**Instructions to follow**: Search the entries below for "Может просто примеры". Give that line and all the lines after it again, exactly, through the last, without pictures.

**Available records**:
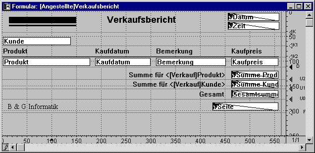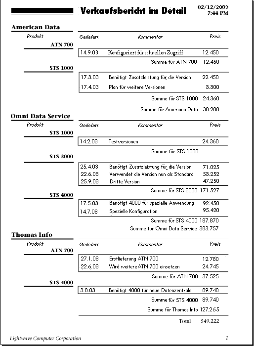vGesamtsumme:=Subtotal(Verkauf)Beachten Sie, dass alle drei Objekte die gleiche Berechnung durchführen und trotzdem zu unterschiedlichen Ergebnissen führen. Da sie in unterschiedlichen Umbruchbereichen angeordnet sind, werden sie zu unterschiedlichen Zeiten durchgeführt und führen ihre Berechnungen für unterschiedliche Gruppen von Datensätzen durch. Weitere Informationen dazu finden Sie im Abschnitt “Berichte mit Umbrüchen” unter Formulare für gedruckte Berichte.
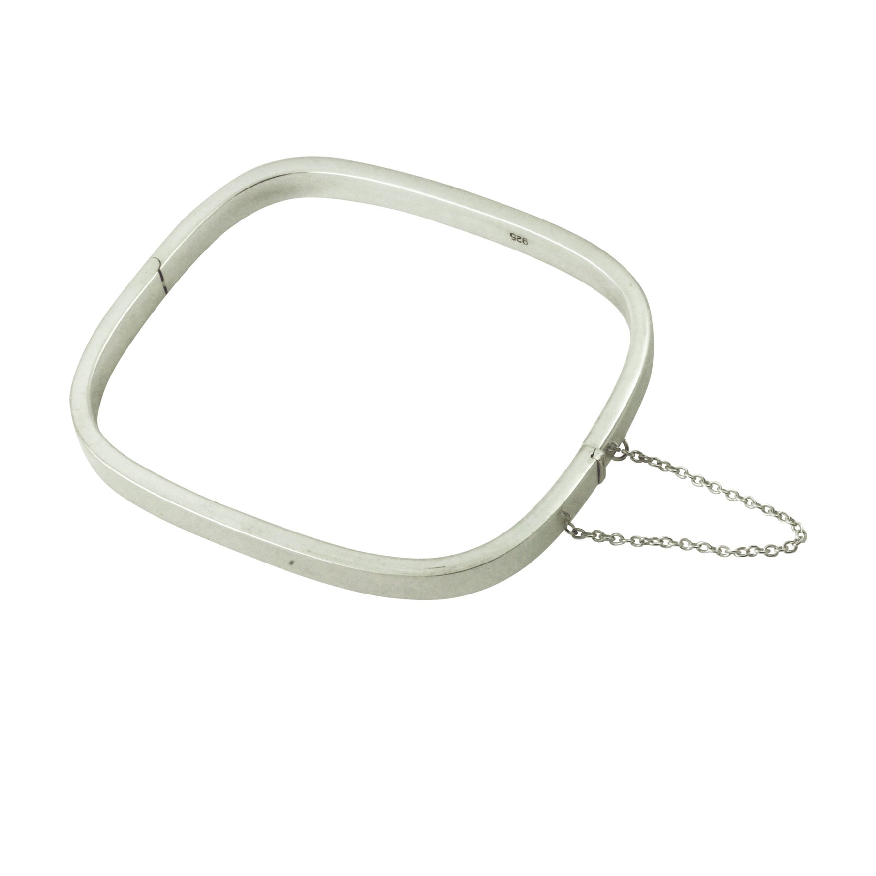 Sterling Silver Square Bangle Bracelet with Chain accent
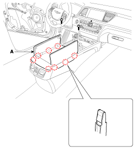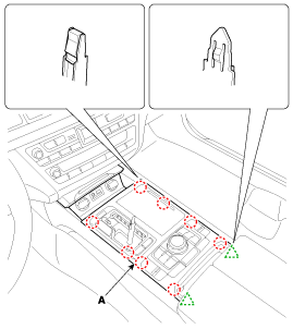 Используя отвертку или съемник, полностью снимите верхнюю часть передней консоли (A).
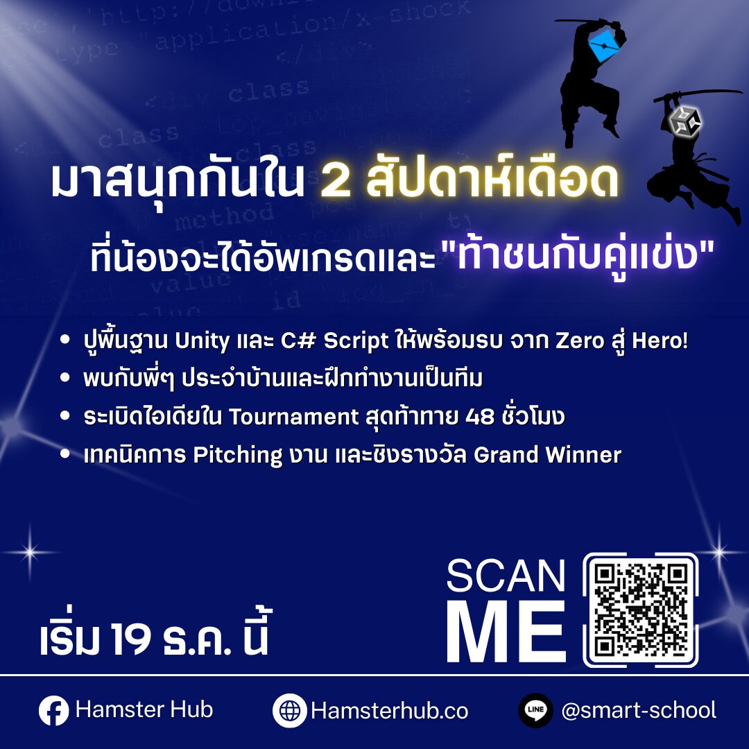 เป้าหมาย: สนุกกับเพื่อนในบ้าน, ฝึกพื้นฐานออกแบบและสร้างเกม, และเตรียม Skill ให้พร้อมรบ!
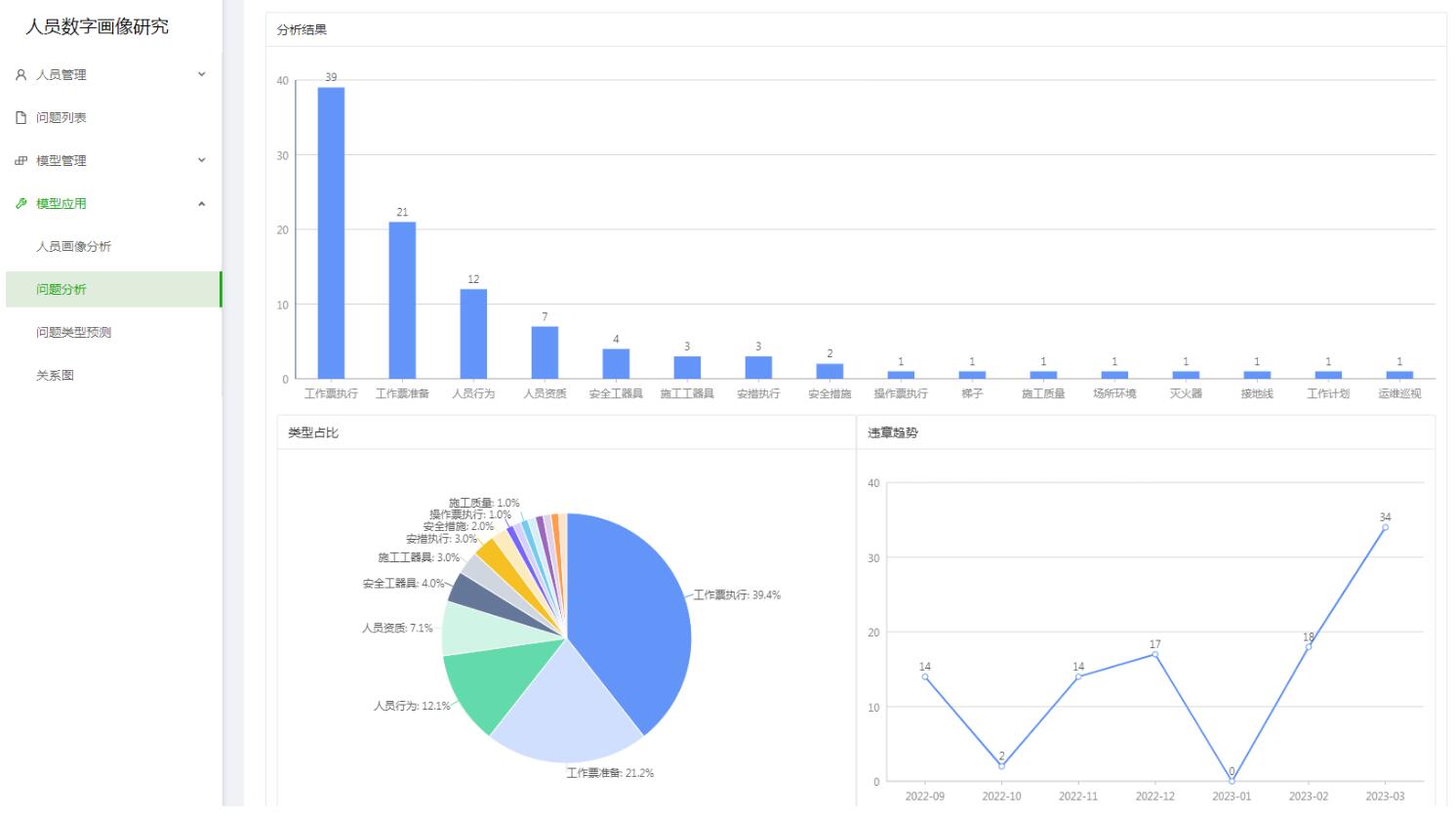 “人員數(shù)字畫像系統(tǒng)建模就是將作業(yè)人員信息的標(biāo)簽化,通過搭建智能計(jì)算評價(jià)系統(tǒng),自動(dòng)提取歷史違章數(shù)據(jù)進(jìn)行分析計(jì)算,能夠全面細(xì)致地展現(xiàn)作業(yè)人員的信息全貌,并提出針對性培訓(xùn)建議,還可以從違章單位、類別以及頻次等多維度以圖表展示數(shù)據(jù)分析結(jié)果,大大解放了以往人工歸類統(tǒng)計(jì)分析的勞動(dòng)力。”余姚市宏宇輸變電工程公司安監(jiān)部項(xiàng)目負(fù)責(zé)人介紹該系統(tǒng)時(shí)津津樂道。
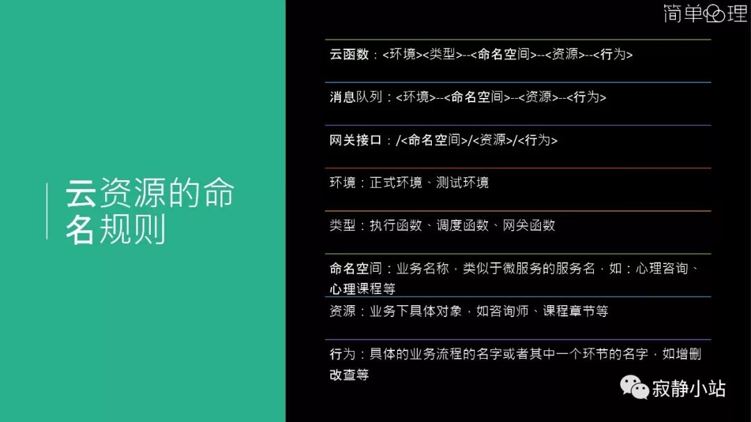 首先是命名规则,命名规则的作用是管理大量的云资源的,这个云资源包括云函数、云消息队列、云网关接口等等。通过命名规则,将这些云服务融为一体进行开发和使用。
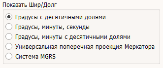 Может просто примеры убрать и сделать более читаемые названия, по примеру, как в GoogleEath: - градусы с десятичными долями - градусы, минуты с десятичными долями - градусы, минуты, секунды и галочку добавить: не подписывать Север/Восток. |
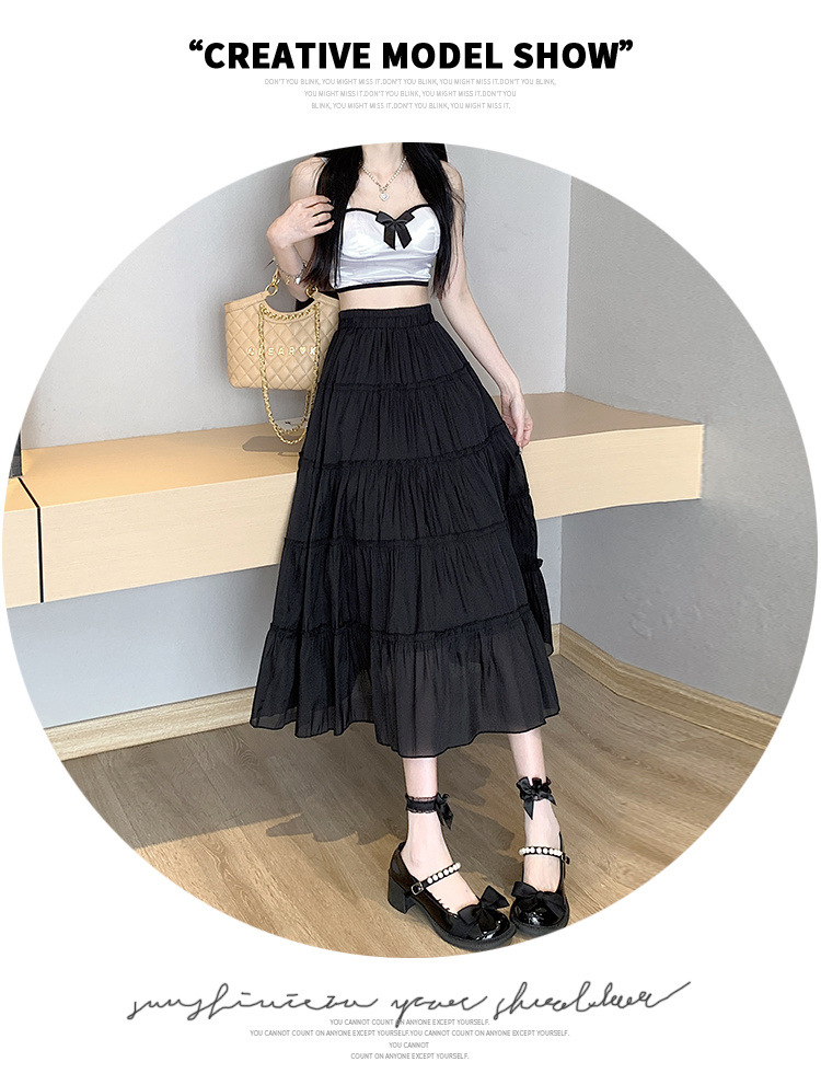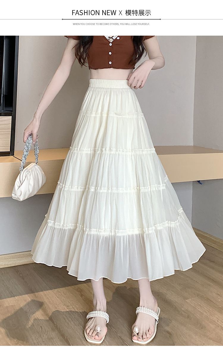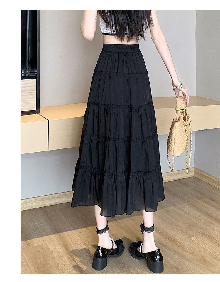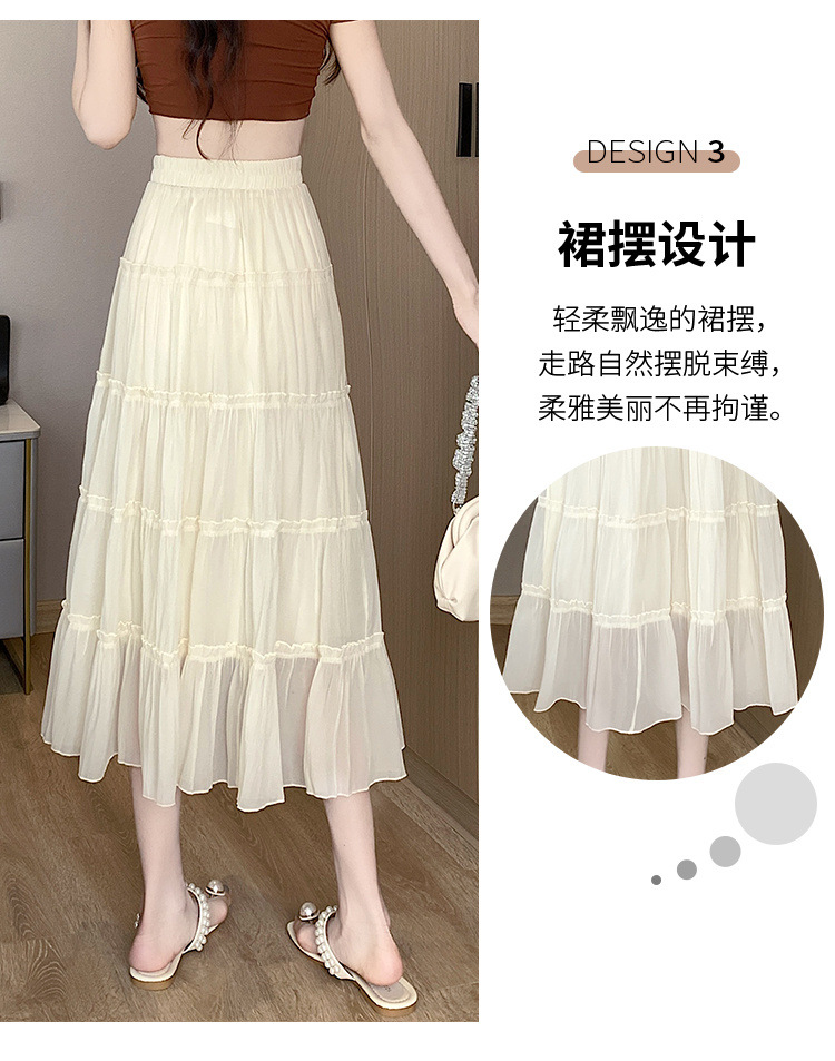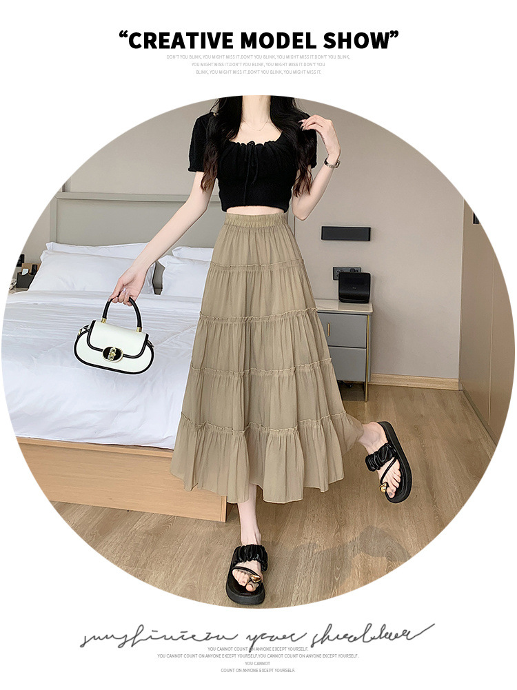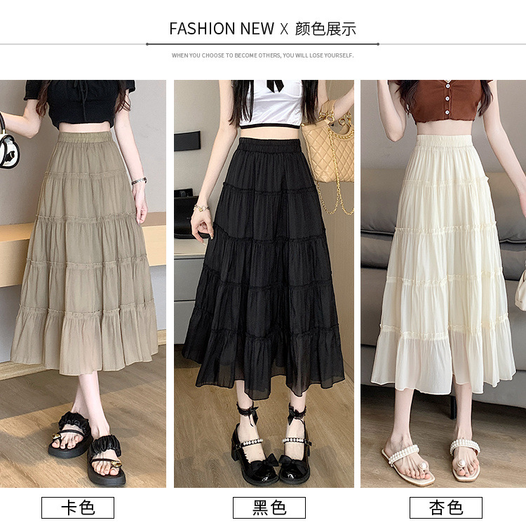 2025 년 여름 새로운 도착 귀 가장자리 Tencel Chiffon A 라인 케이크 스커트 여자 중간 길이의 높은 허리 슬리밍 스커트
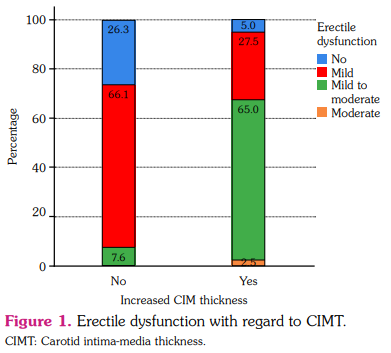 Univariate regression showed that age (p=0.022), hypertension (p=0.032), hyperlipidemia (p=0.002), having received treatment (p=0.017), insulin resistance (p=0.002), creatinine (p=0.007), testosterone (p<0.001), increased CIMT (p<0.001), and gout disease (p<0.001) were associated with erectile dysfunction. Multivariable logistic regression revealed that increased CIMT was the only factor independently associated with erectile dysfunction (odds ratio=3.723, 95% confidence interval: 1.363-10.172, p=0.010; Table 3, Figure 1).
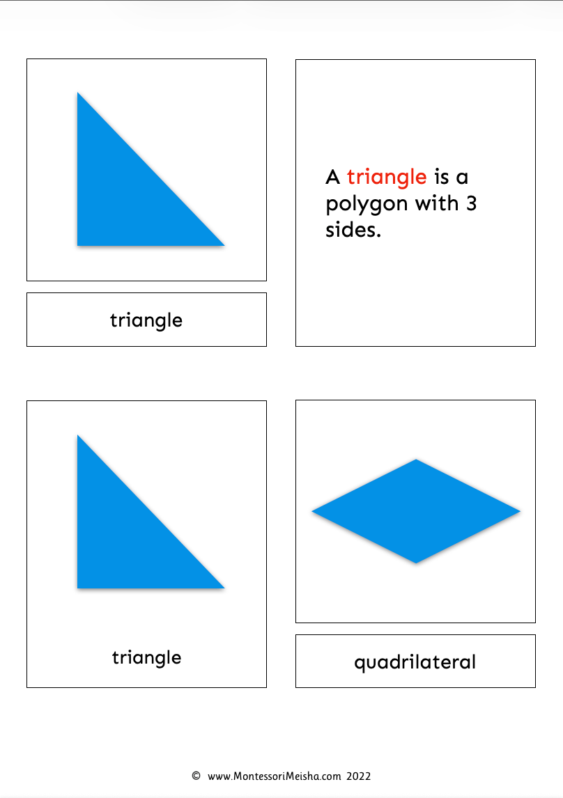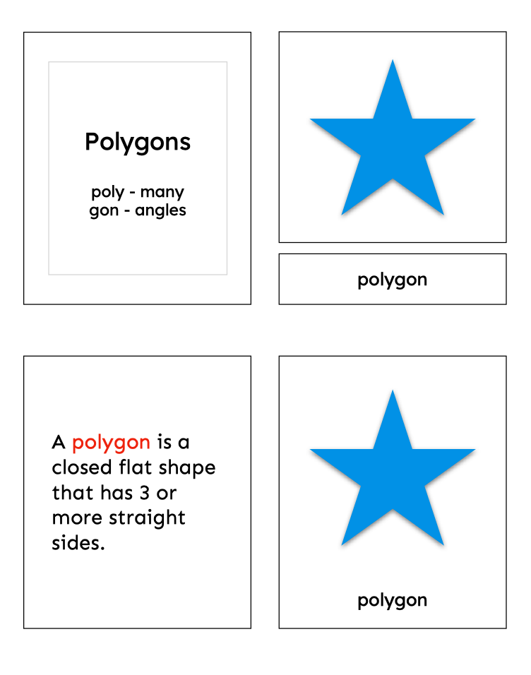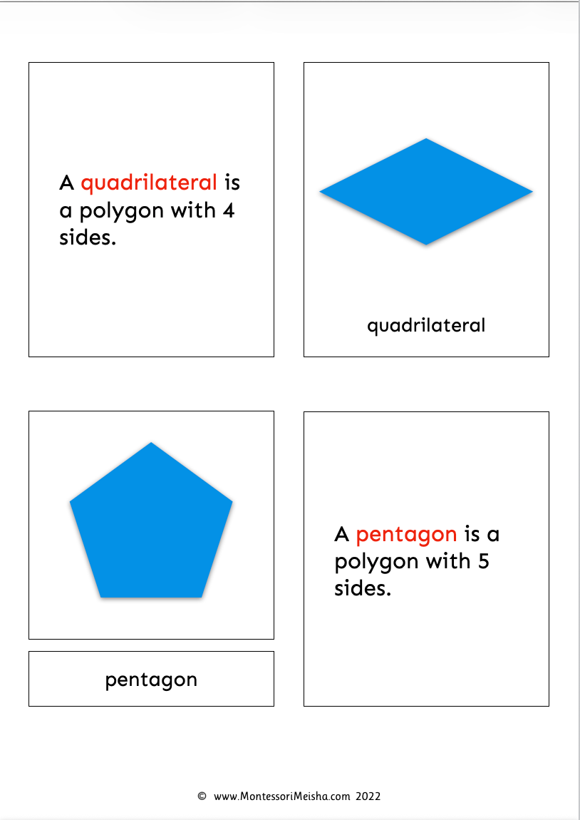 These printable Montessori four-part nomenclature cards introduce children to eight polygons from the humble triangle all the way to the decagon, through detailed illustration cards paired with child-friendly descriptions.

**Your solution**:
 Может просто примеры убрать и сделать более читаемые названия, по примеру, как в GoogleEath: - градусы с десятичными долями - градусы, минуты с десятичными долями - градусы, минуты, секунды и галочку добавить: не подписывать Север/Восток. |
 2025 년 여름 새로운 도착 귀 가장자리 Tencel Chiffon A 라인 케이크 스커트 여자 중간 길이의 높은 허리 슬리밍 스커트
 Univariate regression showed that age (p=0.022), hypertension (p=0.032), hyperlipidemia (p=0.002), having received treatment (p=0.017), insulin resistance (p=0.002), creatinine (p=0.007), testosterone (p<0.001), increased CIMT (p<0.001), and gout disease (p<0.001) were associated with erectile dysfunction. Multivariable logistic regression revealed that increased CIMT was the only factor independently associated with erectile dysfunction (odds ratio=3.723, 95% confidence interval: 1.363-10.172, p=0.010; Table 3, Figure 1).
 These printable Montessori four-part nomenclature cards introduce children to eight polygons from the humble triangle all the way to the decagon, through detailed illustration cards paired with child-friendly descriptions.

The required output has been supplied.